The belt of an electrostatic generator is $50cm$ wide and travels $30cm/s$. The belt carries charge into the sphere at a rate corresponding to ${10}^{-4}A$. What is the surface density of charge on the belt?

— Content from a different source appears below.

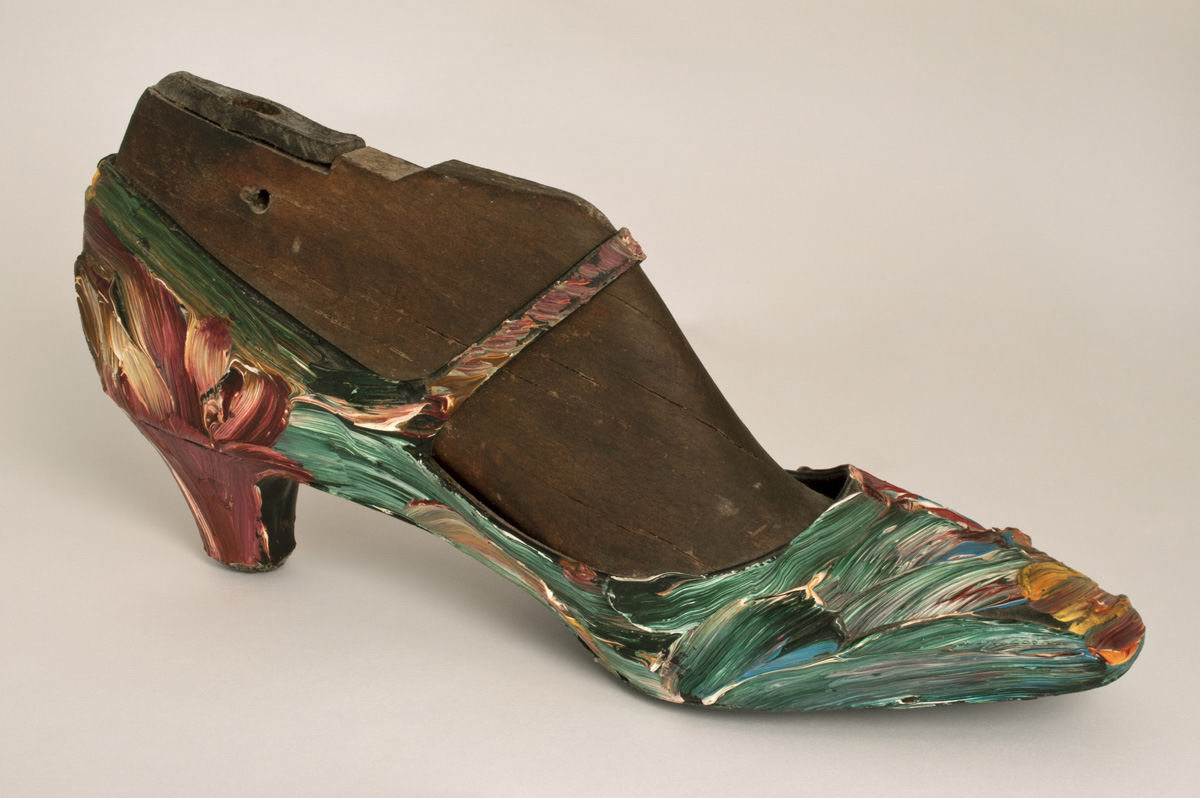 was to wear these particular shoes to the opening of his exhibition. This unusual work suggests a hint of his avant-garde

• A. $6.7\times {10}^{-5}C{m}^{-2}$
• B. $6.7\times {10}^{-7}C{m}^{-2}$
• C. $6.7\times {10}^{-4}C{m}^{-2}$
• D. $6.7\times {10}^{-8}C{m}^{-2}$

Answer 1

The correct option is C $6.7\times {10}^{-4}C{m}^{-2}$

Let the surface charge density of the belt be $\sigma$.
Velocity of the belt, $V=30cm/s=0.3m/s$
Width of the belt, $w=50cm=0.5m$
Since surface charge density, $\sigma =\frac{Q}{A}$
$Q=\sigma \times A$
Dividing both sides by time $t$
$\begin{array}{}\frac{Q}{t}=\frac{\sigma \times A}{t}& \text{(1)}\end{array}$
Since $\frac{Q}{t}=I$ and $A=l\times w$
where $l$ is the length of the belt
$\Rightarrow \frac{A}{t}=\frac{l\times w}{t}=V\times w$
Therefore equation (1) becomes,
$I=\sigma \times V\times w$
${10}^{-4}=\sigma \times 0.3\times 0.5$
$\Rightarrow \sigma =6.67\times {10}^{-4}C{m}^{-2}\approx 6.7\times {10}^{-4}C{m}^{-2}$